Have you seen “Captain Phillips”, which was deservedly nominated for Best Picture of 2013?  You can still catch it on pay-per-view and it’s powerful. Did you know that the line “I’m the Captain now.” which has become the season’s catchphrase and was referred to by the New Yorker as an “iconic line” was IMPROVISED? Improvised by a Somalian taxi driver who had never performed in a film before? Here’s the story:

Barkhad Abdi was six years old when war turned his native Somalia into an inferno. The family fled to Yemen, where his father taught math and eventually settled in Minneapolis, where there is a sizable Somalian community. Abdi was working as a limo driver for his brother’s company when the word came that auditions were being held at the local community center for Somalis to act in “Captain Phillips”,  directed by Paul Greengrass (who filmed United 93 among other major films) and starring Tom Hanks as the skipper of the Alabama Maersk, the cargo ship  that was attacked by Somail pirates in 2009. Abdi and half a dozen other Somalis were hired by Greengrass.

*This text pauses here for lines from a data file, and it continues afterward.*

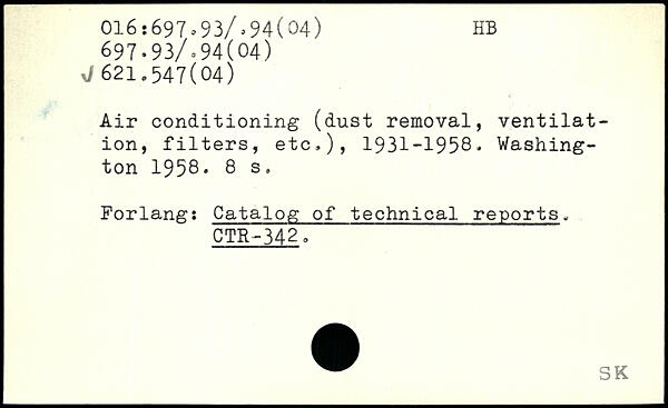 Air conditioning (dust removal, ventilation, filters, etc,), 1931-1958.
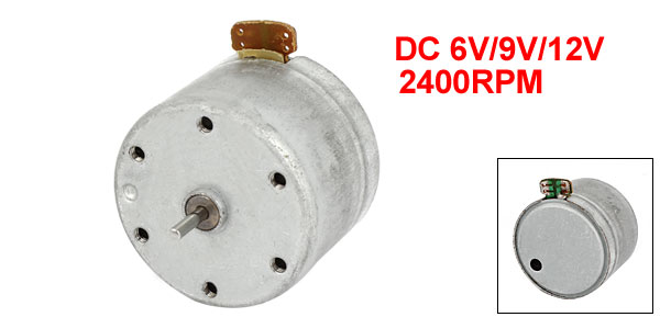 Product Name DC Micro Motor Rated Voltage DC 6V/9V/12V Speed(no load) 2400RPM Body Size 33 x 25mm / 1.3" x 1" (D*H) Shaft Dia. 2mm/ 0.08" Total Length 35mm / 1.4" Main Color Gray Material Metal Weight 59g Package 1 x DC Micro Motor - Reviews
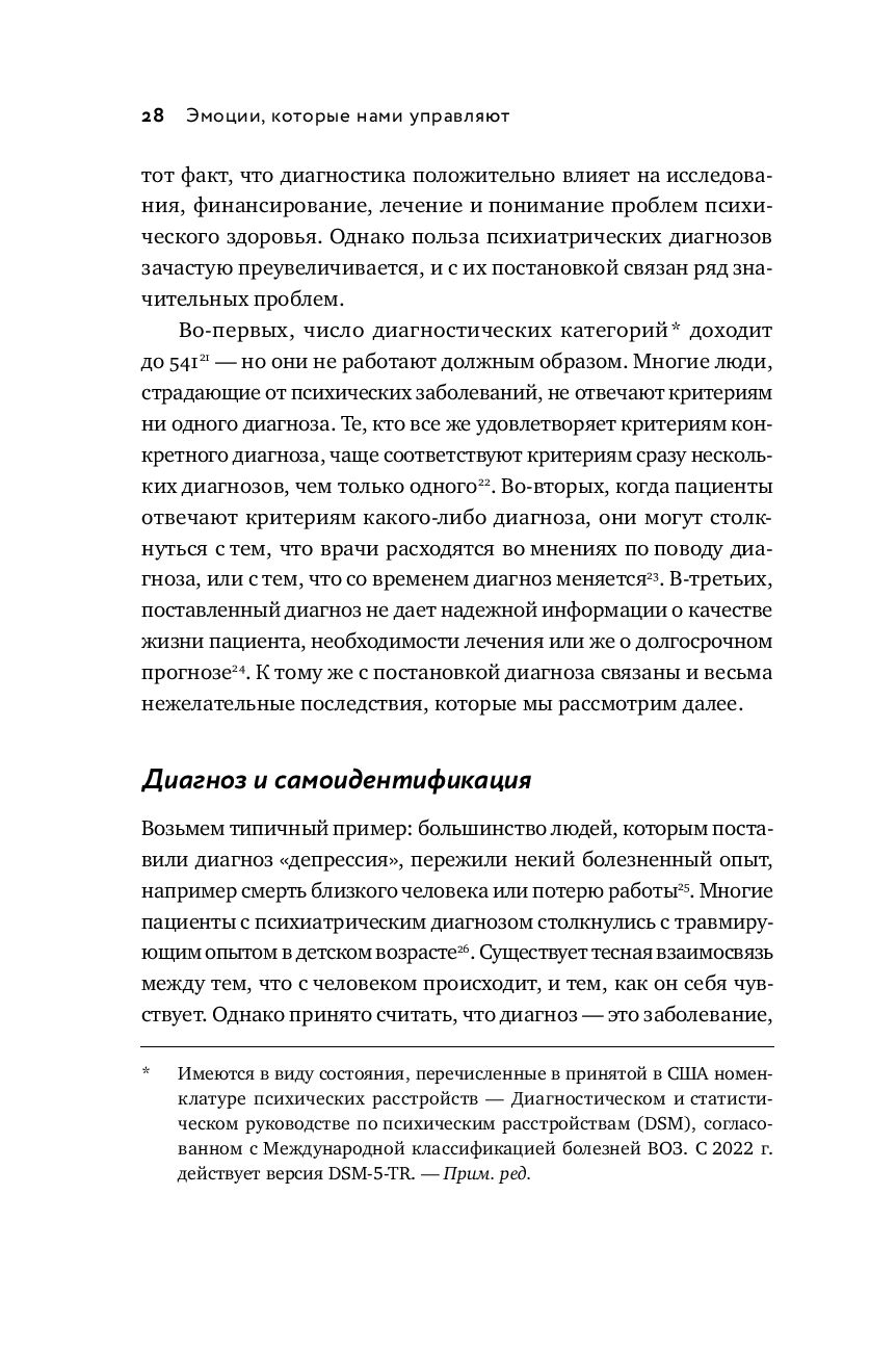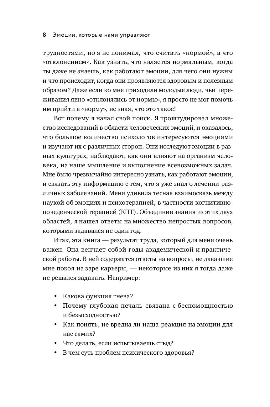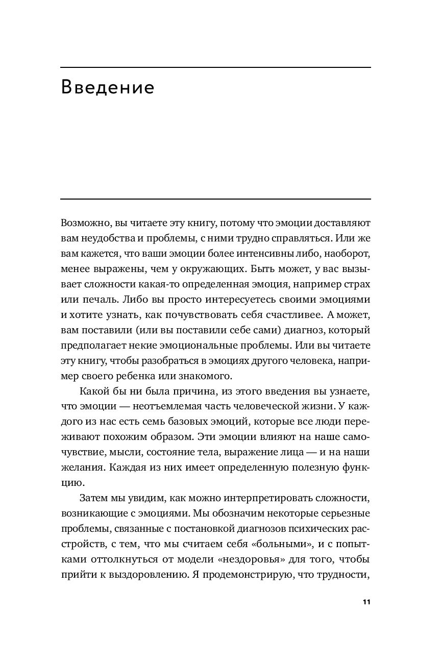 Автор исследует основные человеческие эмоции – страх, гнев, отвращение, чувство вины, стыд и радость – и объясняет, как научиться жить с ними и справляться с эмоциональными проблемами. В каждой из семи глав представлена "эмоциональная ловушка": мы узнаём, что может случиться, когда мы привыкаем реагировать на происходящее не самым конструктивным образом, и как найти выход из этой ловушки. Опираясь на данные науки об эмоциях и методы когнитивно-поведенческой терапии, книга предлагает мощную альтернативу чисто психиатрическому, медикаментозному лечению. Автор – клинический психолог и специалист по КПТ – подкрепляет свои идеи упражнениями и примерами того, как можно достичь душевного благополучия, применяя эти рекомендации в повседневной жизни.
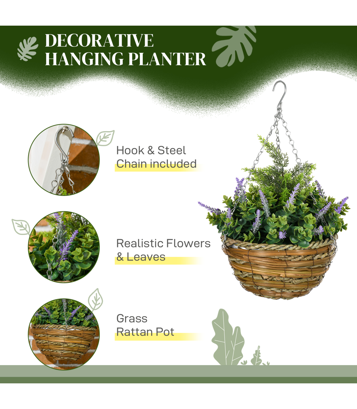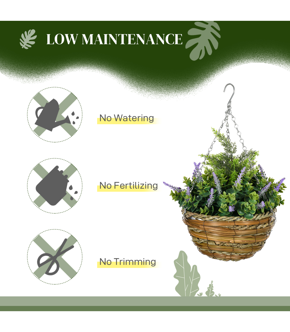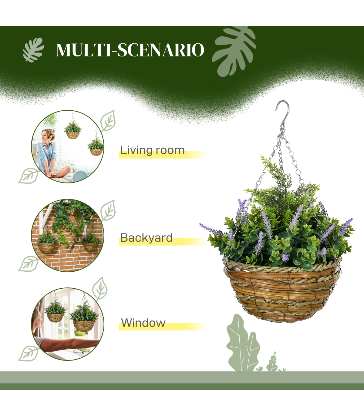 ● Comes with cement-filled wicker basket. Basket with metal chain and hook to hang easily
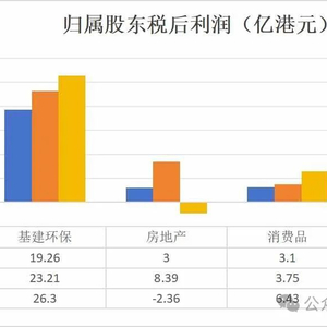 2024 年收入结构有所变化,该公司基建环保收入 102.63 亿港元,同比保持稳定,收入份额提升 3.7 个百分点至 35.5%;房地产业务收入 151.52 亿港元,受行业影响下滑,收入份额下降至 52.4%,而消费品业务收入 35.03 亿港元,逆势增长 9.4%,收入份额提升 2.3 个百分点至 12.1%。此外,大健康业务通过参股方式布局,只并表利润。
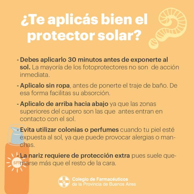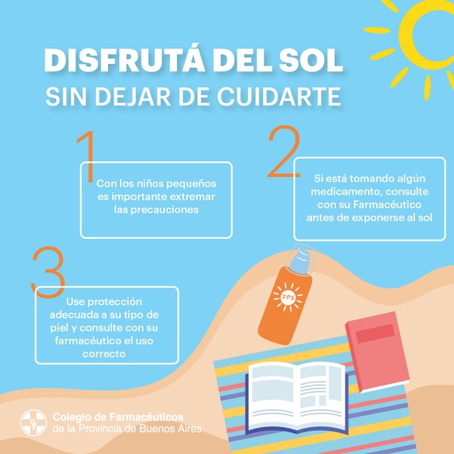 Los farmacéuticos bonaerenses nos sumamos un año más a la campaña de prevención frente a los daños que produce el sol, a fin de concientizar a la población sobre la importancia de protegerse y prevenir la aparición del cáncer cutáneo
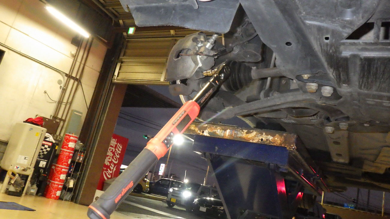 交換後、ブレーキキャリパーステーを規定トルクにて締め付けております。
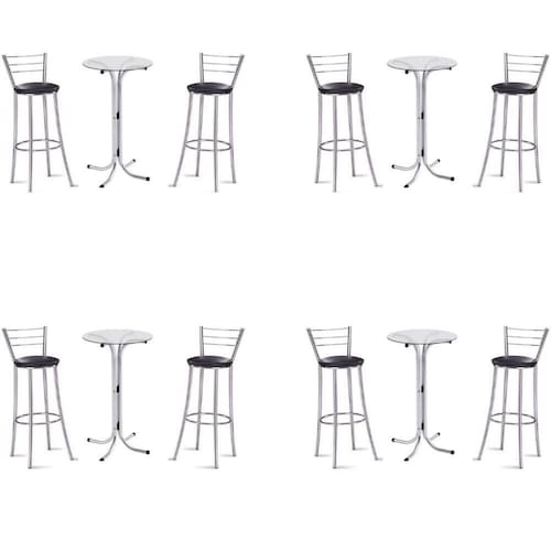 Kit 4 Bistros Com 4 Banquetas Cromadas-gatmagazine O conjunto Bistrô com banquetas GatMagazine além de bonito e charmoso traz harmonia para o seu ambiente!O Bistrô e a banqueta são feitos em aço cromado que traz mais resistência ao produto,O tampo do Bistrô é em vidro de 6mm com 60 centimetros de diamêtro.O produto é próprio para cozinhas,sala de jantar ou espaços gourmet. Marca: NOVA DECOR

When they started filming the scene where the pirates have boarded the ship, Abdi felt that the point wasn’t being made clearly enough to Hanks and/or his character that things had changed. So he came  out with the  line, “Look at me. I’m the captain now,” which sends chills down your spine every time you see it.  Greengrass kept the line in. He knew gold when he saw it.

As an employer, do you encourage creative improvisation  in your company? You don’t have to be Steve Jobs or Paul Greengrass to do so. When your people come up with something wonderful, tear up your script, throw out your business plan and go with your gut, like Greengrass did. “I’m the captain now” is a classic line on the level of “Frankly, my dear, I don’t give a damn” or “Nobody’s perfect.” The genius is in knowing when to dump your carefully laid plans.  The proof is in the watching.